Required action:
Repeat the records below exactly from the line containing "- To view all" to the line containing "Taglie da 800", taking in both of those lines. Drop the pictures.

Given records:
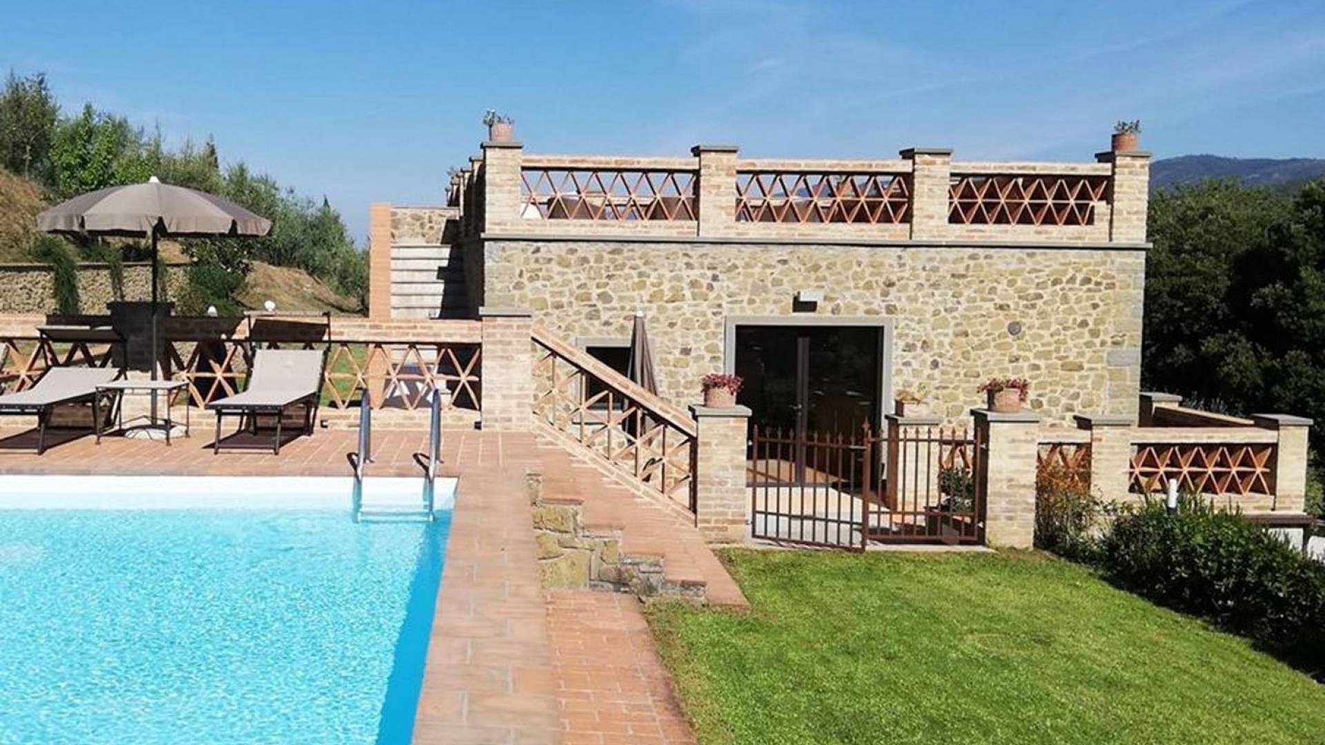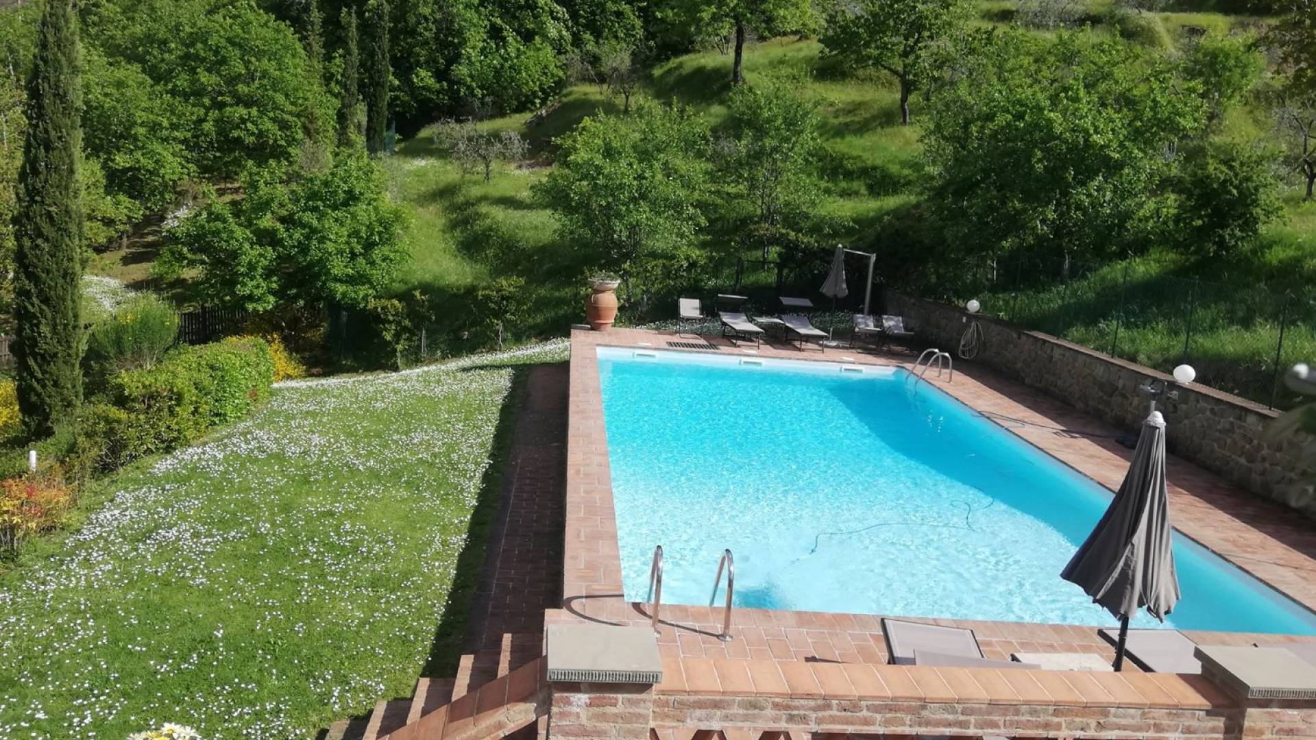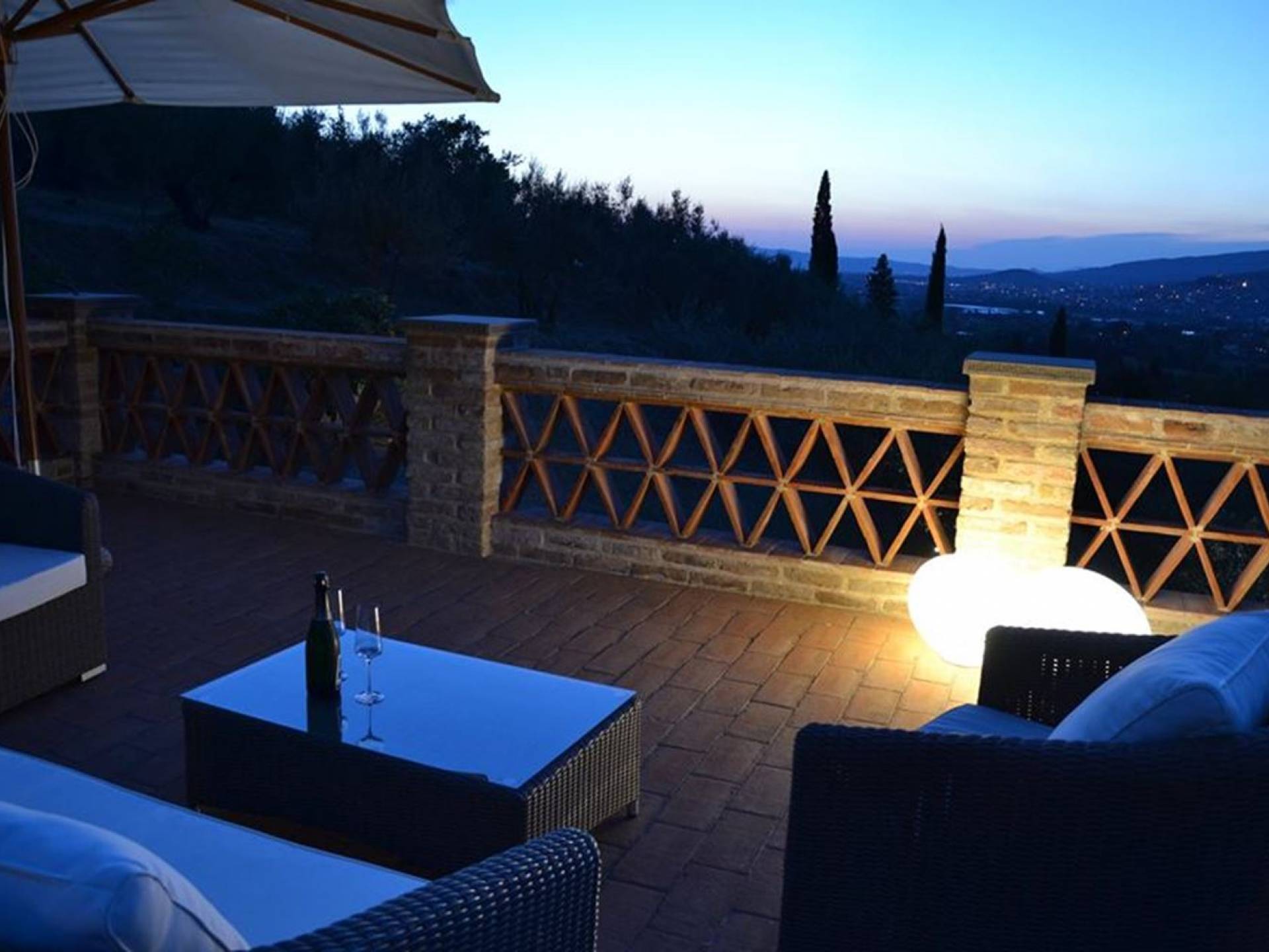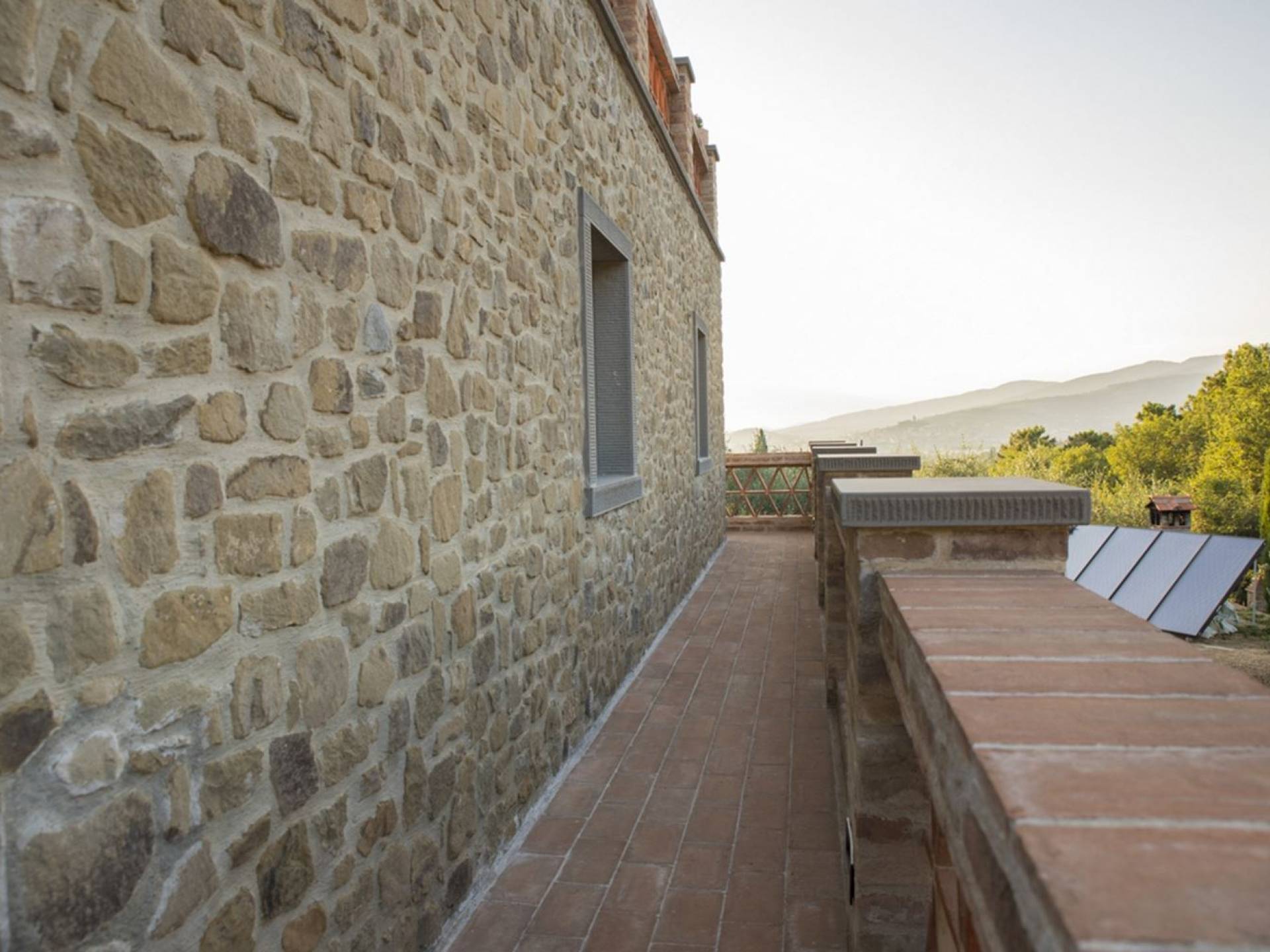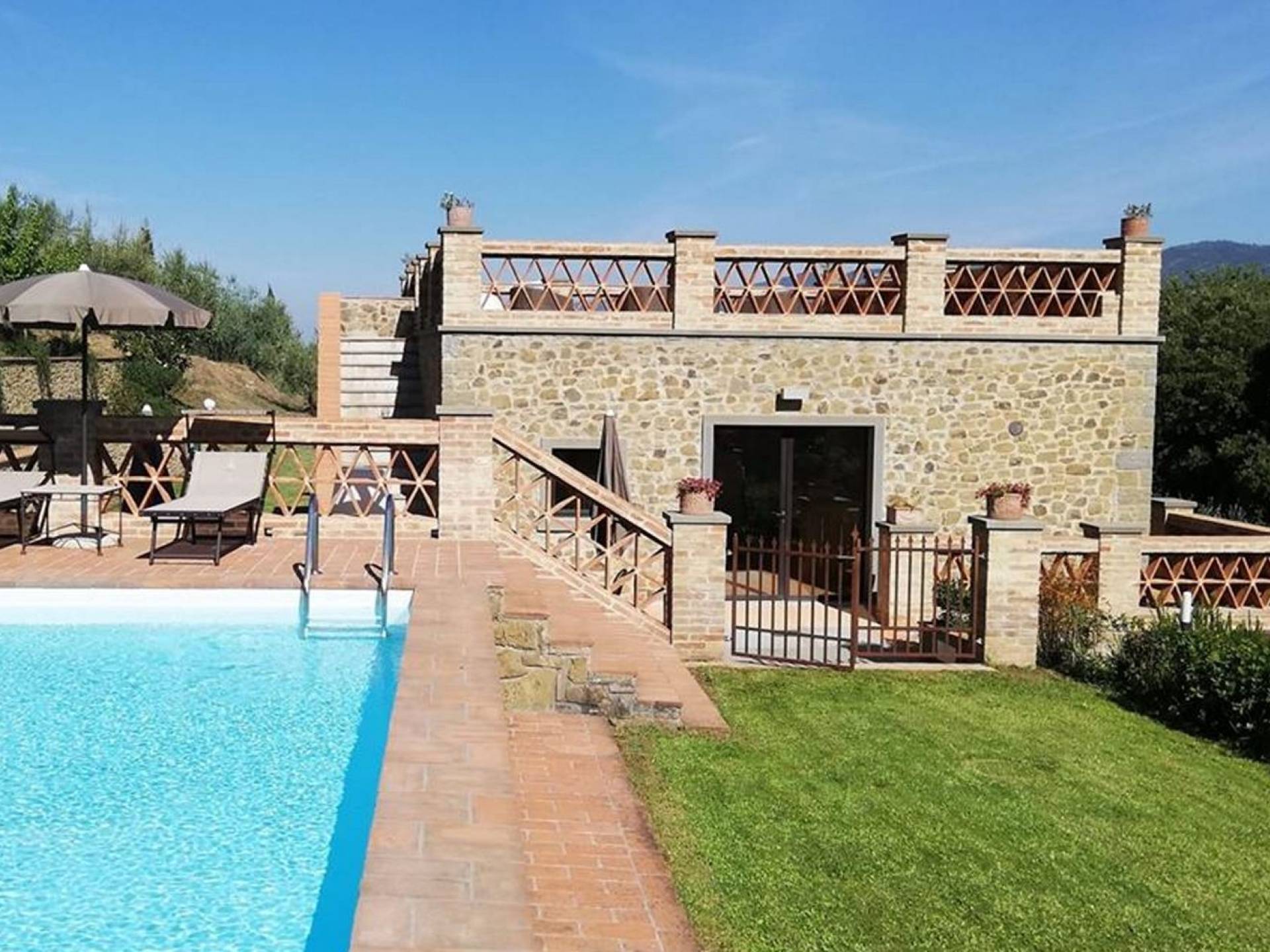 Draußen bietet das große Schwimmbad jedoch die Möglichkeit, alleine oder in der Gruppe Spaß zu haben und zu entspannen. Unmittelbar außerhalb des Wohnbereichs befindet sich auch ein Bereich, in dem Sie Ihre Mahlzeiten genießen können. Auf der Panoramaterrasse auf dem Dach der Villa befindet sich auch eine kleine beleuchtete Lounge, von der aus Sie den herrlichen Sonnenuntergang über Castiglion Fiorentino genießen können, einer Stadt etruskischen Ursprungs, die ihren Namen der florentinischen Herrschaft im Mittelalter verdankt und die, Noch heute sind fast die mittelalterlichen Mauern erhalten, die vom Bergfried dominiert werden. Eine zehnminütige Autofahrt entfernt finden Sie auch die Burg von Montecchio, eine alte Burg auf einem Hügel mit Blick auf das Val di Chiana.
...
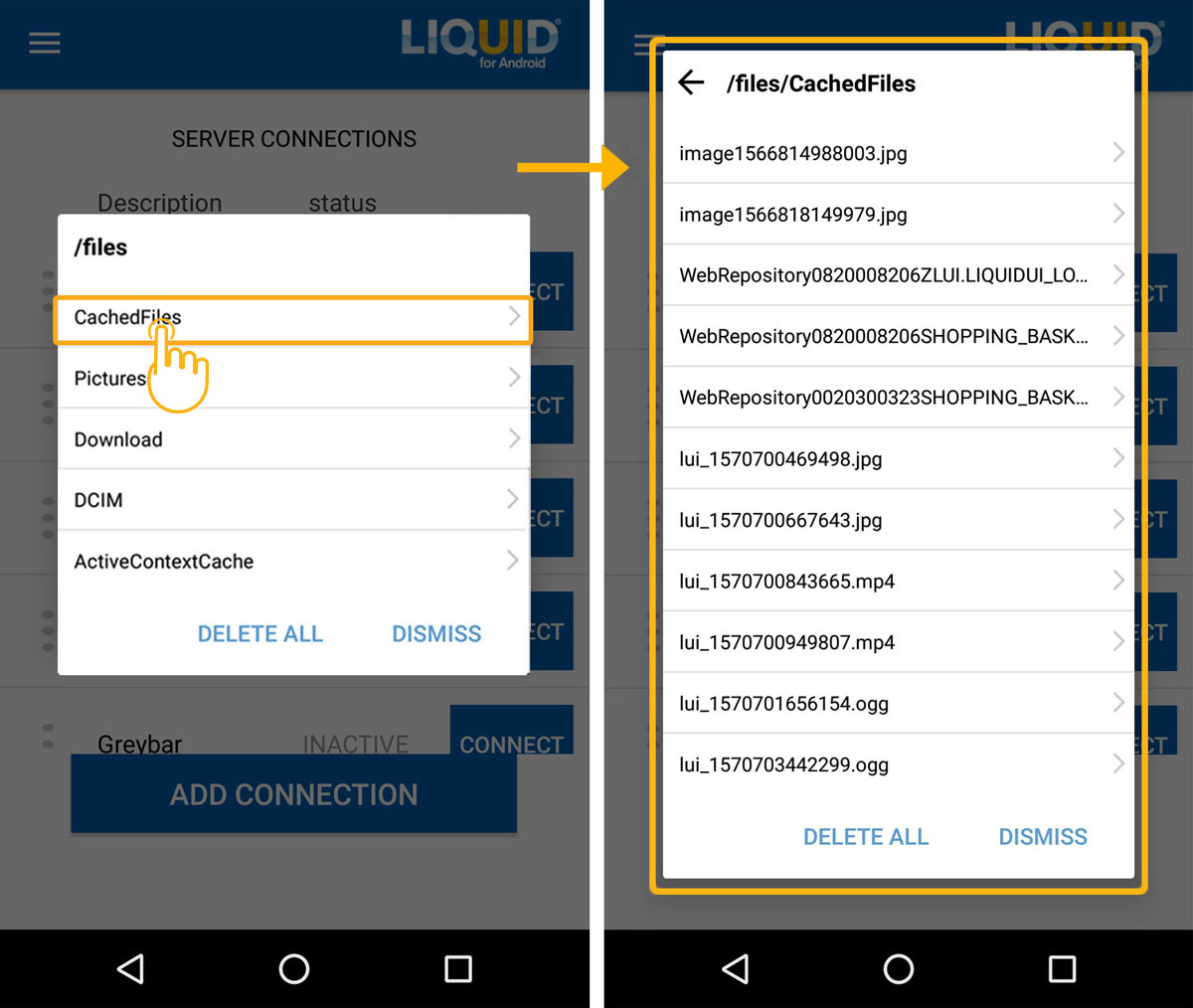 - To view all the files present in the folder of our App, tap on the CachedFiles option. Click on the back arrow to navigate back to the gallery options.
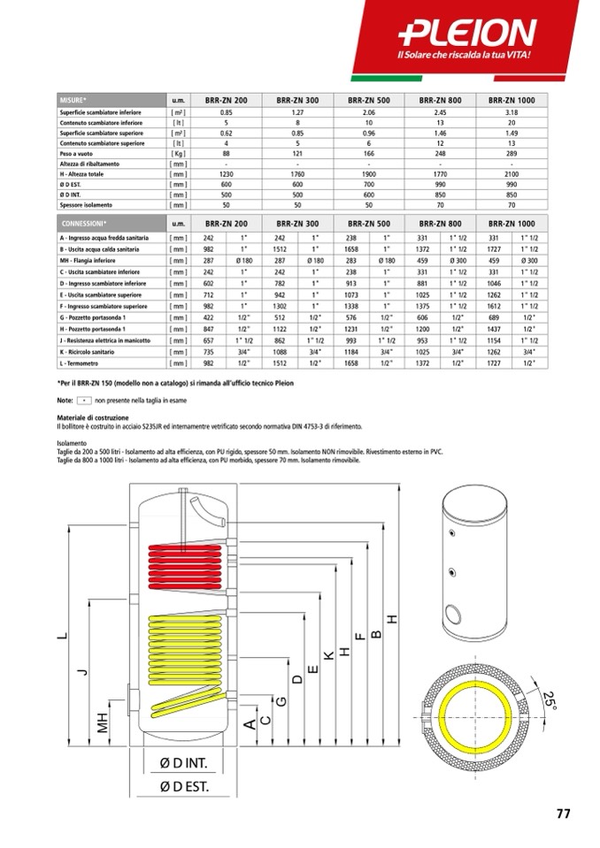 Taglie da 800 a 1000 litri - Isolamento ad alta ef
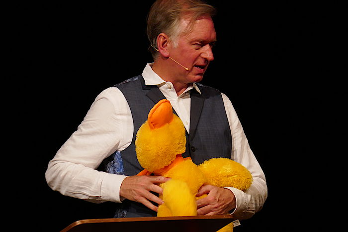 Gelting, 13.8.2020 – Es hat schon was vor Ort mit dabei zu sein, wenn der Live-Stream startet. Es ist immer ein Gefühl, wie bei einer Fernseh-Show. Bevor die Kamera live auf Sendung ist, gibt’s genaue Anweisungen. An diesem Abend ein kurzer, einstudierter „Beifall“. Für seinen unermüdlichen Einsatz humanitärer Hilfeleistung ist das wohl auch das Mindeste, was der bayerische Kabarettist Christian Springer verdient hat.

Solved exercise:
 - To view all the files present in the folder of our App, tap on the CachedFiles option. Click on the back arrow to navigate back to the gallery options.
 Taglie da 800 a 1000 litri - Isolamento ad alta ef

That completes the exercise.